It’s not a shame at all. It’s just way too hard to figure out the grammatical analysis on the fly while you are speaking. The only time I might use whom is immediately following a preposition (my personal usage rule).  I only bother to do the analysis in formal writing.


----------



## Forero

_Whom_ is objective case. Modern English has no accusative, dative, instrumental, prepositional, or ablative case.

_Whom_ is appropriate for direct and indirect objects and for objects of prepositions.
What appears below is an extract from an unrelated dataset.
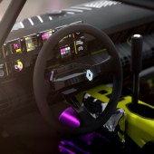 Behind the steering wheel, which is suitably futuristic looking, you’ll find a set of digital displays in place of the original R5 Turbo’s analogue dials. These aren’t any regular digital instruments though either. Lit up in pink and yellow, they take on an appearance inspired by retro videogames. Oh, and there appears to be a Renault-branded teddy bear stored away in the passenger side. We’re informed that its name is ‘Drifty’, and although we’re not 100% sure what it’s doing there, it’s cute so we’ll let it slide.

It is never appropriate as a subject.

In the sentences in #1, I would either omit the relative pronoun altogether or use _whom_.


----------



## Wandering JJ

Hi Forero,
OE had four cases: nominative, accusative, genitive and dative – no instrumental or prepositional (as found in Russian, for example) nor an ablative case (as in Latin, for example).
Just a reminder that, in BrE, grammarians prefer 'that' as the relative in #1 as it introduces a restrictive clause. In practice, as you also suggest, we would probably omit the relative pronoun in the examples given.


----------



## Forero

Wandering JJ said:


> Hi Forero,
> OE had four cases: nominative, accusative, genitive and dative – no instrumental or prepositional (as found in Russian, for example) nor an ablative case (as in Latin, for example).
> Just a reminder that, in BrE, grammarians prefer 'that' as the relative in #1 as it introduces a restrictive clause. In practice, as you also suggest, we would probably omit the relative pronoun in the examples given.


If we are talking about Old English, I believe it did have an instrumental case originally.

But I was just saying that Modern English _whom_ is objective case, suitable for any kind of object. It is not "dative".


----------



## Wandering JJ

Forero said:


> If we are talking about Old English, I believe it did have an instrumental case originally.


Good point. By the time I was born, the instrumental case had largely merged with the dative case.


----------